La Trilogie Bill Douglas
par Fabrice Montal
Pour la première fois depuis vingt-cinq ans, nous allons présenter à Montréal la magnifique Trilogie du cinéaste écossais Bill Douglas.
Dans les deux premiers films de cette Trilogie, ce sont les tribulations d’un jeune garçon au sortir de la guerre auxquelles nous sommes initiés. My Childhood (1972) évoque des moments de la vie d’un petit garçon de huit ans et de son frère élevés par leur grand-mère dans un village minier de l’Écosse d’après-guerre. Il y a des prisonniers de guerre allemands dans le village et le jeune sera confronté à cet attrait pour l’étranger, comme une première fenêtre de fuite possible de ce monde peint ici en grande grisaille. My Ain Folk (1973) raconte la suite de cette vie. Où l’on voit les deux enfants séparés : l’un partant à l’orphelinat ; l’autre rejoindre son autre grand-mère, et connaitre plusieurs épisodes au cours desquels il va subir la violence des adultes.
La troisième partie, un long métrage intitulé, My Way Home (1978) nous montre l’arrivée à l’âge adulte de cet enfant, envoyé lui aussi à l’orphelinat avant de revenir vivre chez sa grand-mère. Maintenant adolescent, il travaille temporairement à la mine du village, puis chez un tailleur avant de rejoindre l’armée alors stationnée à Suez. Il y fait la rencontre d’un homme qui le révèle à lui-même et change le cours de sa vie.
Mais décrire l’action contenue dans ces films ne sert pratiquement à rien tant ils s’avèrent des objets singuliers. Il a été parfois souligné que les films de Bill Douglas possèdent une facture poétique unique dans le cinéma britannique, inspirés autant par les vertus du montage dialectique, que par les atmosphères oniriques que l’on retrouve dans les films de Buñuel ou de Bergman qu’il admirait particulièrement. Bill Douglas était aussi un grand collectionneur de machines de cinéma et de pré cinéma. Il connaissait la mécanique des images et les origines concrètes du langage cinématographique.
Le cinéma de Douglas est manifestement sous l’influence, d’ailleurs avouée, d’une épiphanie bressonienne (modèles amateurs choisis pour leurs «textures» expressives et physiologiques, histoires de résistance aux conflits, d’âpreté d’un monde rural miséreux, etc.). Mais Douglas est peut-être moins un moraliste qu’un militant social qui aborde le cinéma comme un vecteur d’évasion par l’image, donc de libération, comme un opium du peuple nécessaire.

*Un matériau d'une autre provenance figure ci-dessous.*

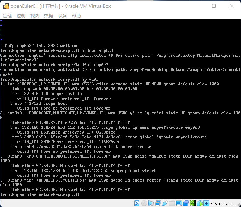 使用ifdown enp0s3 和 ifup enp0s3 命令保存修改重启网卡
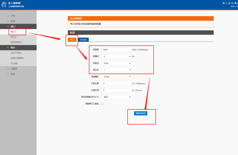 7、配置串口的波特率、校驗位、數據位等串口參數和要接的485設備一致(此處用9600為例),點擊保存應用-繼續配置。

«Peut-être la plus belle chose jamais portée sur un écran» écrivait en 2016 Olivier Père lors d’une présentation de cette trilogie sur ARTE. Il est vrai que l’on ne peut qu’être touché par une sorte de ravissement sourd à la vue de ces images. De sa façon aussi particulière d’aménager le point de vue pour y faire vivre les corps et les visages qu’il a choisis, loin de tout dictat d’un spectacle industriel, afin d’aborder sans artifice et sans pathos une situation vécue qu’il désire partager.
Il conviendra donc de vérifier l’emballement de Père pour ces destins d’orphelins, lors de leur projection en deux temps, samedi 17 et dimanche 18 février, à la Cinémathèque.